GOAL OF THE EXERCISE: Each line from the opening of the material through the line holding "QQQ looks very" needs to be returned exactly, with the pictures left out.
+ + + + +
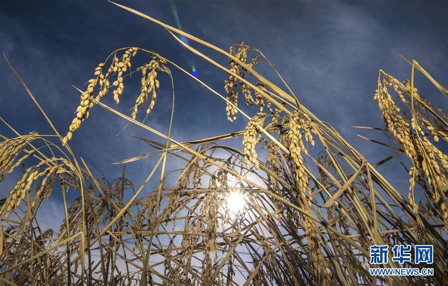 这是10月10日在吉林省和龙市光东村拍摄的成熟的稻穗。 金秋时节,稻谷飘香。吉林省延边朝鲜族自治州进入水稻收获季,田间地头金黄遍野,稻浪滚滚,一派丰收景象。 新华社记者 许畅 摄
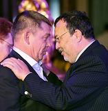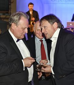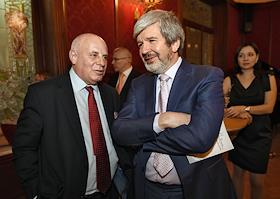 Церемония вручения Национальной премии в области развития общественных связей "Серебряный лучник". Президент холдинга "ГРУППА ИМА" Андрей Гнатюк (слева) и председатель совета директоров агентства "Р.И.М. Porter Novelli" Игорь Писарский (справа) на церемонии в отеле "Метрополь".
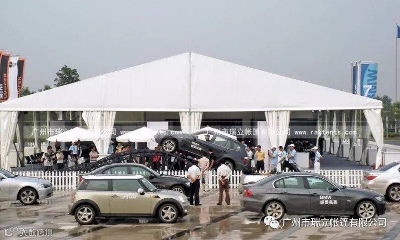 在产品的用途上,车展帐篷是较为常见的应用领域之一。瑞立帐篷曾与宝马、奔驰、凯迪拉克等多个汽车品牌合作多次。在产品的设计及制作环节,瑞立更为重视将活动现场环境与车展车型及品牌进行更紧密的结合,从而为客户提供更具针对性的帐篷解决方案。
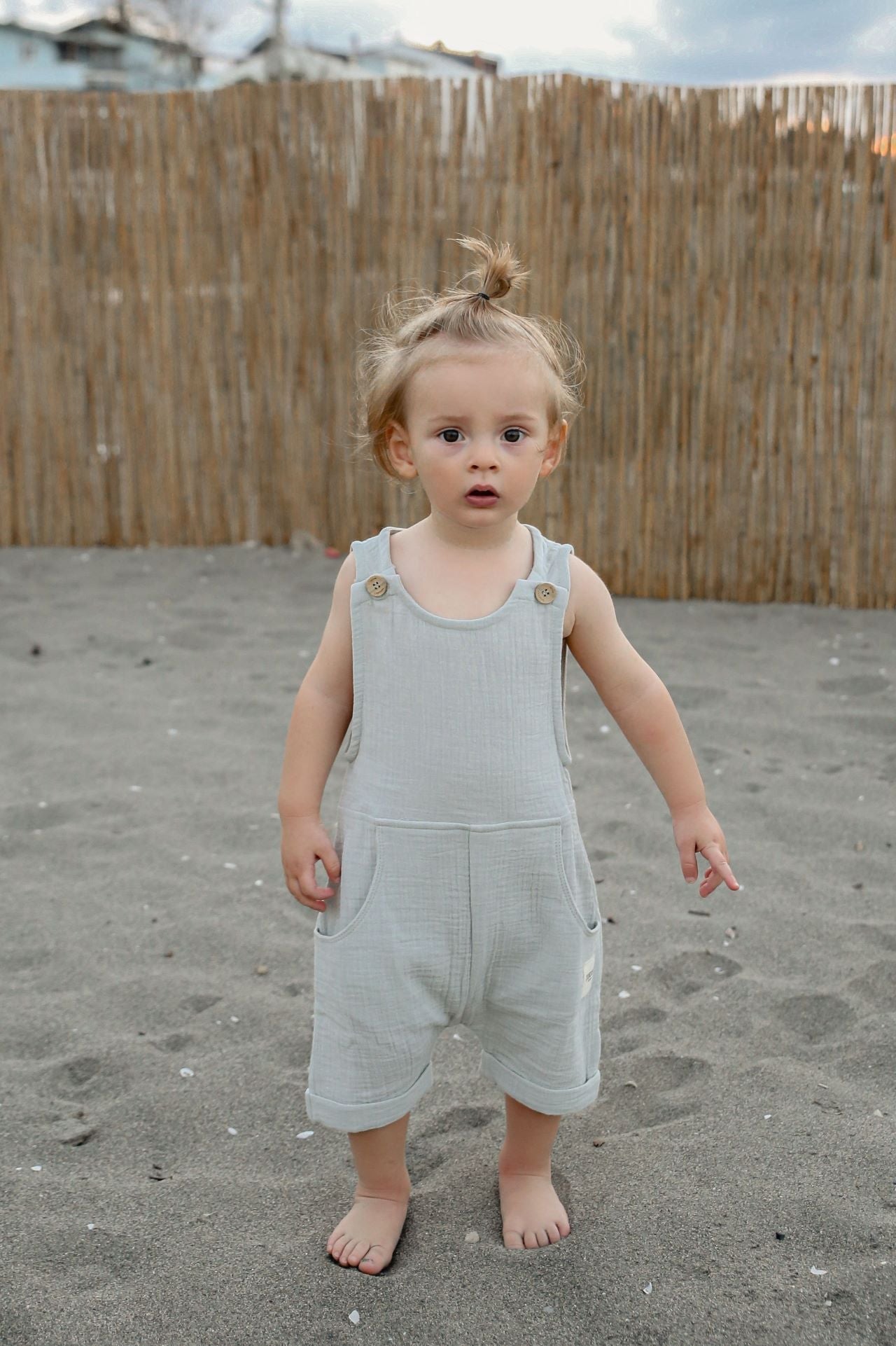 Müslin Yandan Cepli Salopet, bebeklerin rahatlığını ve şıklığını bir araya getiriyor. Bebekler için tasarlanan bu özel bahçivan pantolon, müslin kumaşının hafifliği ve nefes alabilirliği sayesinde, mevsim fark etmeksizin, bebeğinizin cildiyle dost. Yandan cepleri, hem kullanışlı bir detay oluşturuyor hem de modern bir dokunuş katıyor.
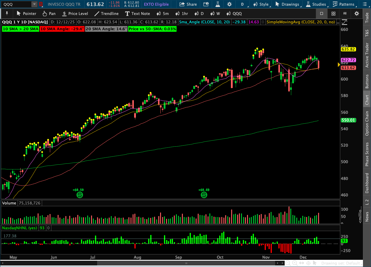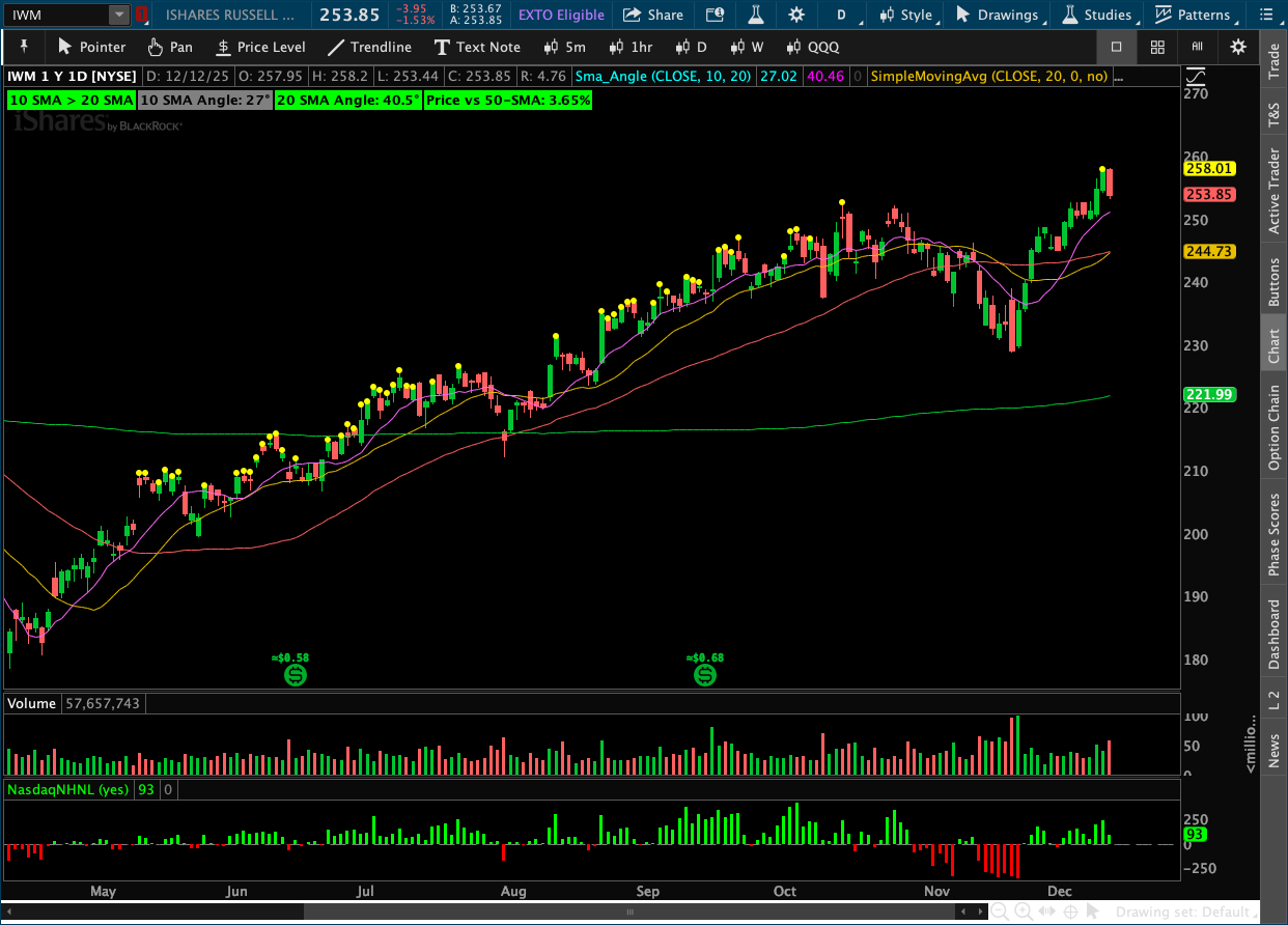 QQQ looks very vulnerable at the 50ma. Primarily led by the megacap stocks pulling back. Even though there might be some stocks setting up, my priority is to align myself with the index on the long side. With price being under the 10, and gut checking the 20 and 50, I’ll be scaling any new trades down to half size. If we start to get under the 50ma, or gap under it tomorrow, I won’t be looking to take anything new.
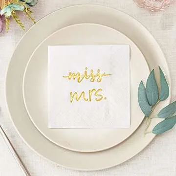 Show more Celebrate the journey from Miss to Mrs. in style with our Crisky Gold Foil Miss to Mrs Cocktail Napkins. Perfectly designed for a variety of special occasions such as bridal showers, engagement parties, and bachelorette celebrations, these exquisite napkins not only serve a practical purpose but also add a touch of elegance to your event. Made from high-quality 3-ply material, the size of these napkins is a convenient 4.9 inches when folded, ensuring they are not only functional but also visually appealing. The stunning gold foil stamped text catches the light beautifully, making them a chic addition to any dessert or beverage table setup.
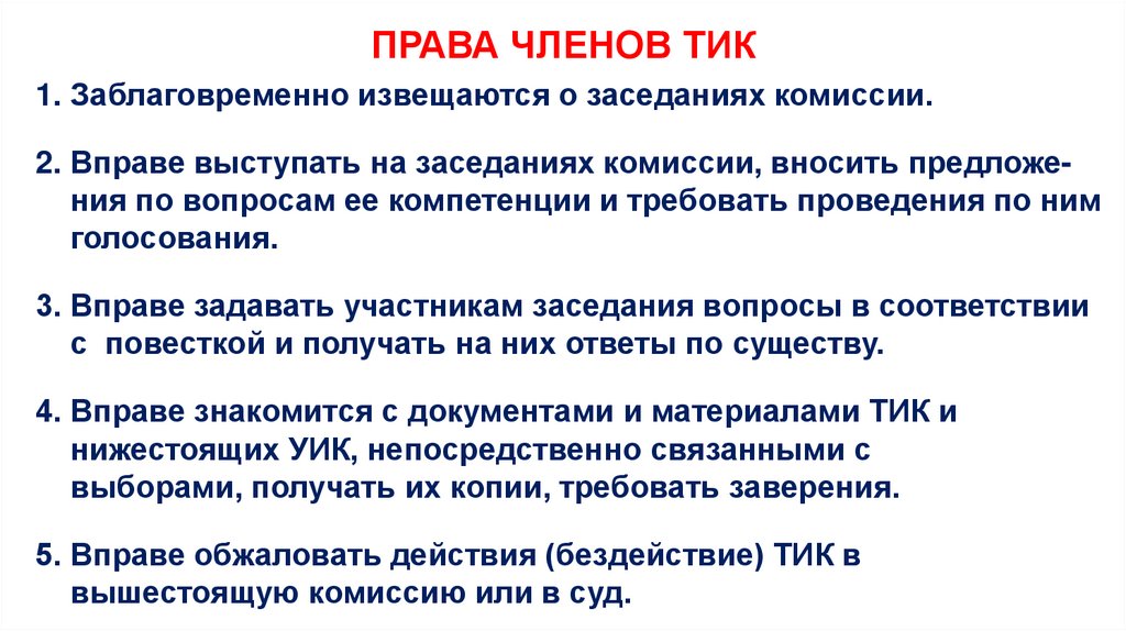 ПРАВА ЧЛЕНОВ ТИК1. Заблаговременно извещаются о заседаниях комиссии.
+ + + + +
RESULT:
 这是10月10日在吉林省和龙市光东村拍摄的成熟的稻穗。 金秋时节,稻谷飘香。吉林省延边朝鲜族自治州进入水稻收获季,田间地头金黄遍野,稻浪滚滚,一派丰收景象。 新华社记者 许畅 摄
 Церемония вручения Национальной премии в области развития общественных связей "Серебряный лучник". Президент холдинга "ГРУППА ИМА" Андрей Гнатюк (слева) и председатель совета директоров агентства "Р.И.М. Porter Novelli" Игорь Писарский (справа) на церемонии в отеле "Метрополь".
 在产品的用途上,车展帐篷是较为常见的应用领域之一。瑞立帐篷曾与宝马、奔驰、凯迪拉克等多个汽车品牌合作多次。在产品的设计及制作环节,瑞立更为重视将活动现场环境与车展车型及品牌进行更紧密的结合,从而为客户提供更具针对性的帐篷解决方案。
 Müslin Yandan Cepli Salopet, bebeklerin rahatlığını ve şıklığını bir araya getiriyor. Bebekler için tasarlanan bu özel bahçivan pantolon, müslin kumaşının hafifliği ve nefes alabilirliği sayesinde, mevsim fark etmeksizin, bebeğinizin cildiyle dost. Yandan cepleri, hem kullanışlı bir detay oluşturuyor hem de modern bir dokunuş katıyor.
 QQQ looks very vulnerable at the 50ma. Primarily led by the megacap stocks pulling back. Even though there might be some stocks setting up, my priority is to align myself with the index on the long side. With price being under the 10, and gut checking the 20 and 50, I’ll be scaling any new trades down to half size. If we start to get under the 50ma, or gap under it tomorrow, I won’t be looking to take anything new.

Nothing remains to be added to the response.